Problem statement: Starting at the line that contains "BEER CARRIER - bag", write out every line through the last one in the records below, word for word. Leave out any pictures.

Extracted data entries:

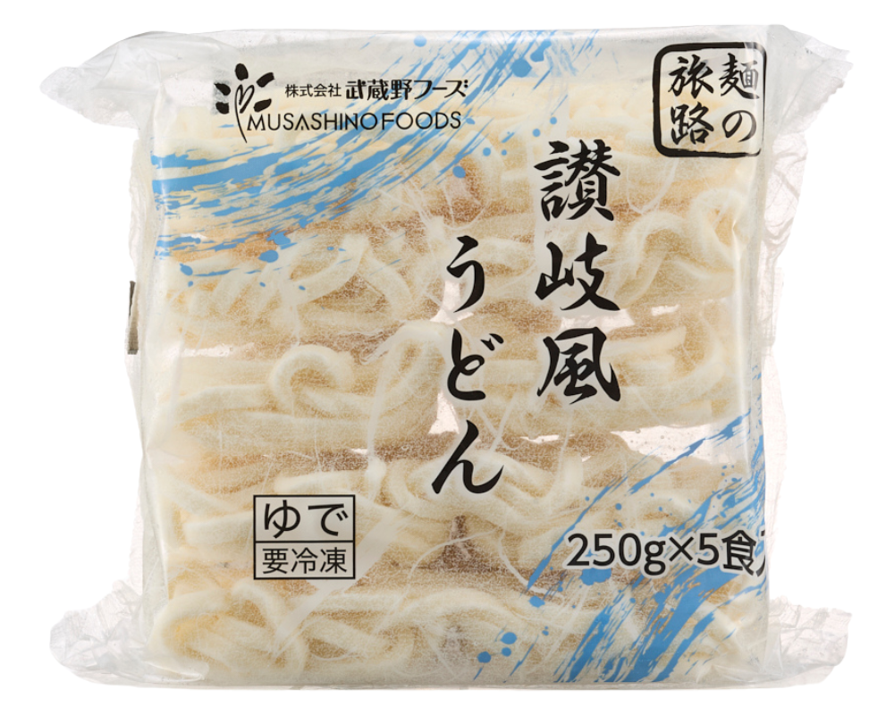 讃岐うどんをモチーフにしたうどん。厳選した小麦粉と、多加水ミキサーで弾力のある食感に仕上げました。
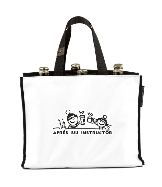 BEER CARRIER - bag for beer with design 1180 APRÉS SKI INSTRUCTOR in color WHITE
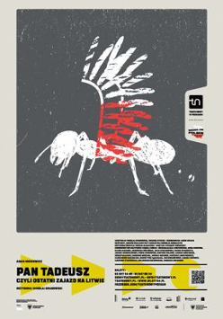 Plakat spektaklu: rysunek mrówki z biało czerwonymi skrzydłami przypominającymi skrzydła husarskie. U dołu plakatu informacje na temat spektaklu.
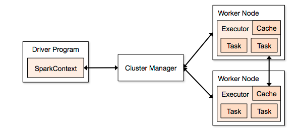 - 이들은 Driver Program의 Spark Context를 통해 조정됩니다.
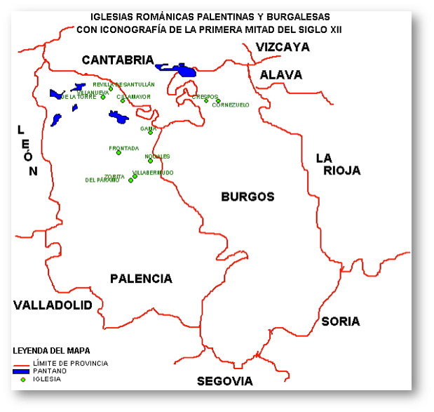 Mapa de Iglesias Palentinas y Burgalesas con Iconografía Sexual
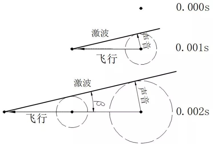 激波的角度β(马赫锥半角),tg(β)=音速/飞行速度,飞得越快,激波越尖。
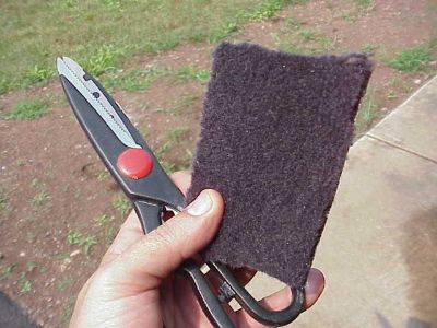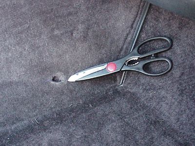 That's my beard trimmer, lol. Small detail scissors can be used instead but a new electric clipper is only about twenty bucks. I "plateaued" the patch as shown. here. Then it will fill and blend in perfectly with the edges of the hole, from behind.
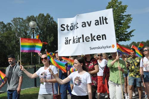Under dagen hördes flera uppskattande kommentarer kring Svenska kyrkans deltagande i Pridefestivalen och många tog bilder på den banderoll som fördes fram i Pridetåget med texten ”Störst av allt är kärleken”.
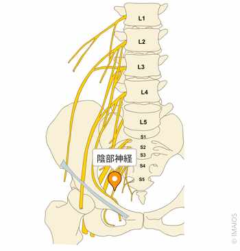 陰部神経はお尻の仙骨にある仙骨孔の穴から長い鍼を通して陰部神経に刺鍼して電気を流します

Solution for this task:
 BEER CARRIER - bag for beer with design 1180 APRÉS SKI INSTRUCTOR in color WHITE
 Plakat spektaklu: rysunek mrówki z biało czerwonymi skrzydłami przypominającymi skrzydła husarskie. U dołu plakatu informacje na temat spektaklu.
 - 이들은 Driver Program의 Spark Context를 통해 조정됩니다.
 Mapa de Iglesias Palentinas y Burgalesas con Iconografía Sexual
 激波的角度β(马赫锥半角),tg(β)=音速/飞行速度,飞得越快,激波越尖。
 That's my beard trimmer, lol. Small detail scissors can be used instead but a new electric clipper is only about twenty bucks. I "plateaued" the patch as shown. here. Then it will fill and blend in perfectly with the edges of the hole, from behind.
Under dagen hördes flera uppskattande kommentarer kring Svenska kyrkans deltagande i Pridefestivalen och många tog bilder på den banderoll som fördes fram i Pridetåget med texten ”Störst av allt är kärleken”.
 陰部神経はお尻の仙骨にある仙骨孔の穴から長い鍼を通して陰部神経に刺鍼して電気を流します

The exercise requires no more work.